• _Goal of the exercise_: Please copy the lines below exactly, from the first one through the line showing "Upon entering this".

Extracted data entries
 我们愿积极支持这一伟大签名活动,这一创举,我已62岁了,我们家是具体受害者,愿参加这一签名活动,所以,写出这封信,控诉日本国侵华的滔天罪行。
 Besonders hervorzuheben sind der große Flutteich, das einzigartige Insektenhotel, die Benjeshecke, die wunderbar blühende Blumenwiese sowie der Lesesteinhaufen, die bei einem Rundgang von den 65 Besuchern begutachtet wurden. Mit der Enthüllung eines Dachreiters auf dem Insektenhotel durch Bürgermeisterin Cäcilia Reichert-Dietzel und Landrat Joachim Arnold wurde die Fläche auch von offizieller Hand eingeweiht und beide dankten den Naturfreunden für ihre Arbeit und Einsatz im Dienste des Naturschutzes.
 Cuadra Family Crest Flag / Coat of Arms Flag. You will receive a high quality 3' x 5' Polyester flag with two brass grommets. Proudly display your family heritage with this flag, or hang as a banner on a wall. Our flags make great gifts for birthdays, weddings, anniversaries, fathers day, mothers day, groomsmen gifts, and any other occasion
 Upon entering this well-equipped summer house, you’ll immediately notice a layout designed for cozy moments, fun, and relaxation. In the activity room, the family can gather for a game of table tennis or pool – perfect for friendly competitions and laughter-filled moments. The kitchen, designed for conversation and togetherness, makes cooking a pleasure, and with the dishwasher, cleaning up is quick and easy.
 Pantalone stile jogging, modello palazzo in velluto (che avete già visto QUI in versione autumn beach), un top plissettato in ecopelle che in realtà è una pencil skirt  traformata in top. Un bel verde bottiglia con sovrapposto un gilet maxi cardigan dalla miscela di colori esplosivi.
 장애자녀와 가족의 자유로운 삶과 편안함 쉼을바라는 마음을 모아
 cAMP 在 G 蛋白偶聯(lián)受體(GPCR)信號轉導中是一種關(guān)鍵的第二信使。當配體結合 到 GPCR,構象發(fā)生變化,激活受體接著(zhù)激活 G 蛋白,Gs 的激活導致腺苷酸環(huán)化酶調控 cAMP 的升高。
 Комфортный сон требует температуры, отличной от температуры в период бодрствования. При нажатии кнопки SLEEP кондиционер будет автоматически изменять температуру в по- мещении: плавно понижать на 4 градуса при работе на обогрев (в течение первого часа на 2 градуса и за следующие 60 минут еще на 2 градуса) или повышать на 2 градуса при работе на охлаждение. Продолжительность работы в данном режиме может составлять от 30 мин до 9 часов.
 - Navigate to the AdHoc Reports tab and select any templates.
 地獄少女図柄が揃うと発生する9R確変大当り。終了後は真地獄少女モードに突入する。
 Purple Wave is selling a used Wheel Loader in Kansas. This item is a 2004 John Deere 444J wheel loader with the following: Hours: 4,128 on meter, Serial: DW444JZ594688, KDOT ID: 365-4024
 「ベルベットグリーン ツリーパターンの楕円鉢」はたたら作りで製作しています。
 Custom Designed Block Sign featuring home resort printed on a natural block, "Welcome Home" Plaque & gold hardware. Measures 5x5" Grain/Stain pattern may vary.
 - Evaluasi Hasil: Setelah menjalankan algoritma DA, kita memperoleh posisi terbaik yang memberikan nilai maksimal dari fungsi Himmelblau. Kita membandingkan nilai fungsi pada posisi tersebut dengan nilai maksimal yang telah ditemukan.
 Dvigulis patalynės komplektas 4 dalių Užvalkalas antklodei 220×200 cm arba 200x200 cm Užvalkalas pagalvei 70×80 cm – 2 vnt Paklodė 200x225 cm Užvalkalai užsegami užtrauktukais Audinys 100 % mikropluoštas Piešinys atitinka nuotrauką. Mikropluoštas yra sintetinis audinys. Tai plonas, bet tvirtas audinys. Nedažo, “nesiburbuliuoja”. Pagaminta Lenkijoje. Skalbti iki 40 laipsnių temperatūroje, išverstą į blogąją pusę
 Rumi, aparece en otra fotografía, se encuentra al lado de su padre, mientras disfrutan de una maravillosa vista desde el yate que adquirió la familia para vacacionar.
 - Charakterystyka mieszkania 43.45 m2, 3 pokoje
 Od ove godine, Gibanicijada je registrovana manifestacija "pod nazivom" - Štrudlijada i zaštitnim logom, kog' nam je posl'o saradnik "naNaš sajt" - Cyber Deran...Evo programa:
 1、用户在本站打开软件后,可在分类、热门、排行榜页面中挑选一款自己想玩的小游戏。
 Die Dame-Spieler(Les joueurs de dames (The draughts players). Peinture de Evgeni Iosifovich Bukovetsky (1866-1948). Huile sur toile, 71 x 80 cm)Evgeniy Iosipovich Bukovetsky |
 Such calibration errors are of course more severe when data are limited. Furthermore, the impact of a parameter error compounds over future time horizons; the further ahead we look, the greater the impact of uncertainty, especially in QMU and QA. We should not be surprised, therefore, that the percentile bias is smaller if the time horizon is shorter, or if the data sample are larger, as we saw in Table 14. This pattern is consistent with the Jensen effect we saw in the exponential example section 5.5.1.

• _Exercise output_:
 我们愿积极支持这一伟大签名活动,这一创举,我已62岁了,我们家是具体受害者,愿参加这一签名活动,所以,写出这封信,控诉日本国侵华的滔天罪行。
 Besonders hervorzuheben sind der große Flutteich, das einzigartige Insektenhotel, die Benjeshecke, die wunderbar blühende Blumenwiese sowie der Lesesteinhaufen, die bei einem Rundgang von den 65 Besuchern begutachtet wurden. Mit der Enthüllung eines Dachreiters auf dem Insektenhotel durch Bürgermeisterin Cäcilia Reichert-Dietzel und Landrat Joachim Arnold wurde die Fläche auch von offizieller Hand eingeweiht und beide dankten den Naturfreunden für ihre Arbeit und Einsatz im Dienste des Naturschutzes.
 Cuadra Family Crest Flag / Coat of Arms Flag. You will receive a high quality 3' x 5' Polyester flag with two brass grommets. Proudly display your family heritage with this flag, or hang as a banner on a wall. Our flags make great gifts for birthdays, weddings, anniversaries, fathers day, mothers day, groomsmen gifts, and any other occasion
 Upon entering this well-equipped summer house, you’ll immediately notice a layout designed for cozy moments, fun, and relaxation. In the activity room, the family can gather for a game of table tennis or pool – perfect for friendly competitions and laughter-filled moments. The kitchen, designed for conversation and togetherness, makes cooking a pleasure, and with the dishwasher, cleaning up is quick and easy.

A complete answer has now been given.